**PROBLEM DESCRIPTION:**
Return, exactly and with nothing added, the line with "挂画装饰画向日葵风格小清新餐厅轻奢客栈民宿卧室床头壁画花跨境" together with all lines after it through the end of the data below. No pictures belong in the copy.

**INFORMATION PROVIDED:**
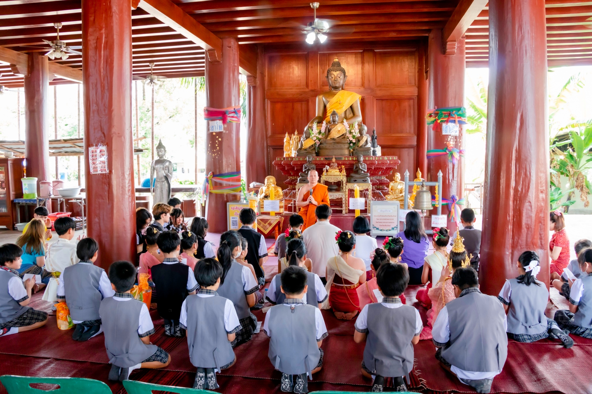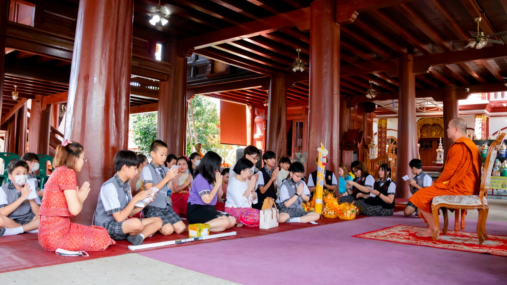 Ceremony of Candle Procession and Alms Offering on the Occasion of Buddhist Lent in the Year 2566. Wednesday, 26th July 2566. Kasintorn Saint James Chiang Mai School, along with the school administrators, teachers, students, and parents, participated in the ceremony of candle procession and alms offering on the occasion of Buddhist Lent Day. This event aimed to preserve the beautiful traditions of Thailand and promote spiritual blessings at Wat Pa Daet and Wat Ko Klang.
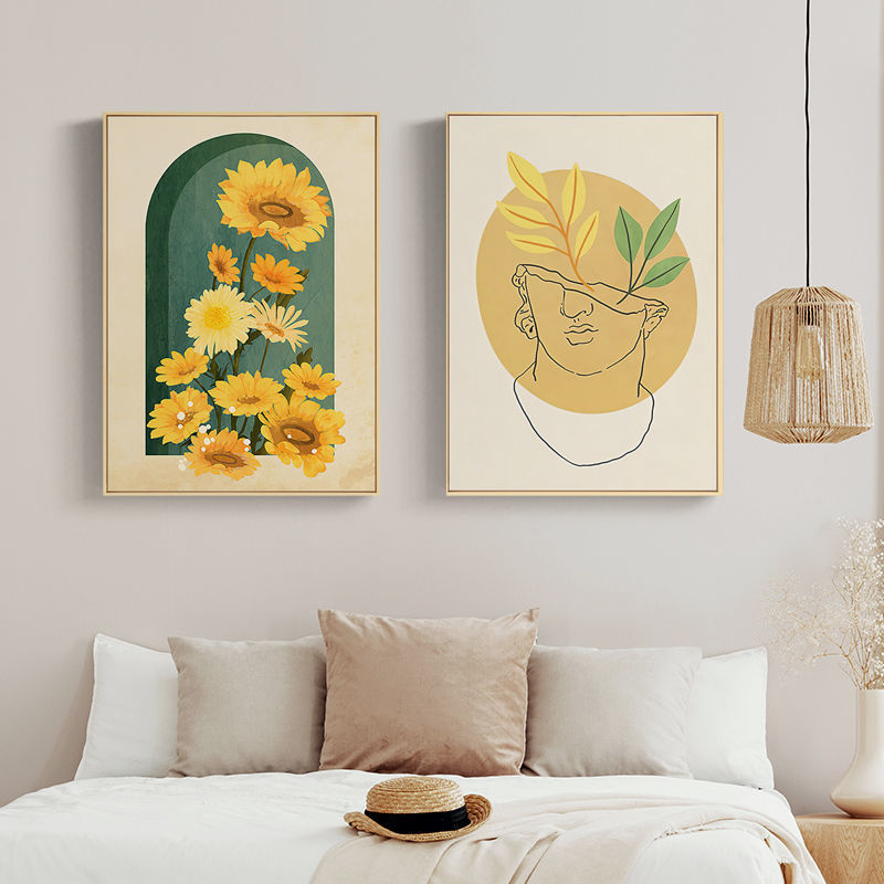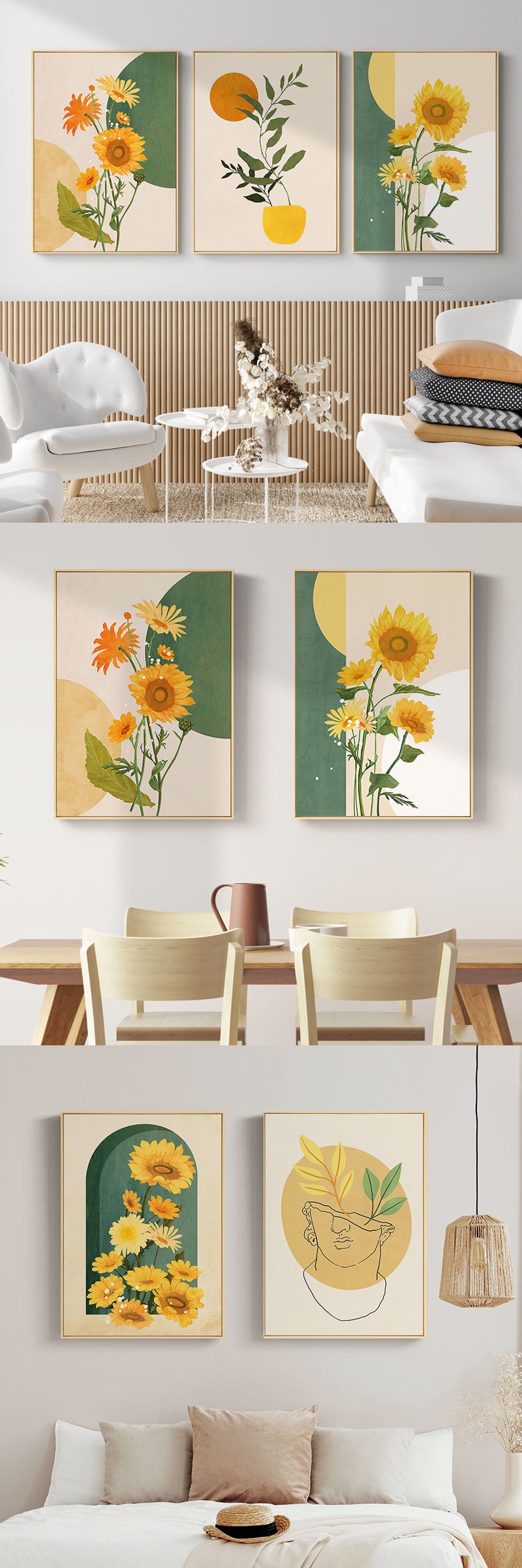 挂画装饰画向日葵风格小清新餐厅轻奢客栈民宿卧室床头壁画花跨境
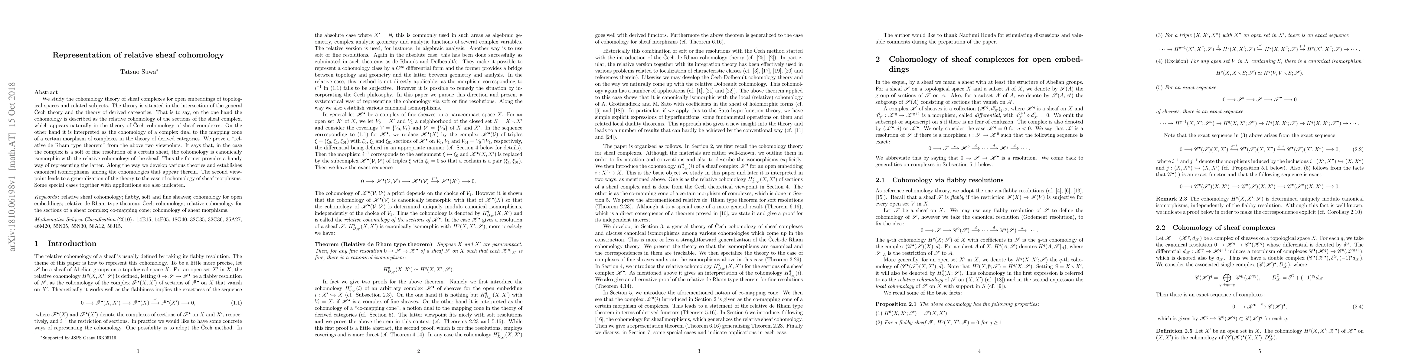 This paper studies the representation of relative sheaf cohomology via two perspectives: Cech theory and derived categories. It proves a "relative de Rham type theorem" showing that under certain conditions, the cohomology of a sheaf complex is isomorphic to its relative cohomology, thus providing a practical representation.
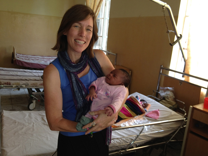 The author holds an infant at Panzi Hospital. On her latest trip there, De Reus conducted focus groups to learn what survivors felt about the children they were giving birth to due to rape. De Reus says the mother of this particular 8-day-old was struggling to accept the baby; she does not appear in the photo to protect her identity for safety reasons.

**SOLUTION TO THIS EXERCISE:**
 挂画装饰画向日葵风格小清新餐厅轻奢客栈民宿卧室床头壁画花跨境
 This paper studies the representation of relative sheaf cohomology via two perspectives: Cech theory and derived categories. It proves a "relative de Rham type theorem" showing that under certain conditions, the cohomology of a sheaf complex is isomorphic to its relative cohomology, thus providing a practical representation.
 The author holds an infant at Panzi Hospital. On her latest trip there, De Reus conducted focus groups to learn what survivors felt about the children they were giving birth to due to rape. De Reus says the mother of this particular 8-day-old was struggling to accept the baby; she does not appear in the photo to protect her identity for safety reasons.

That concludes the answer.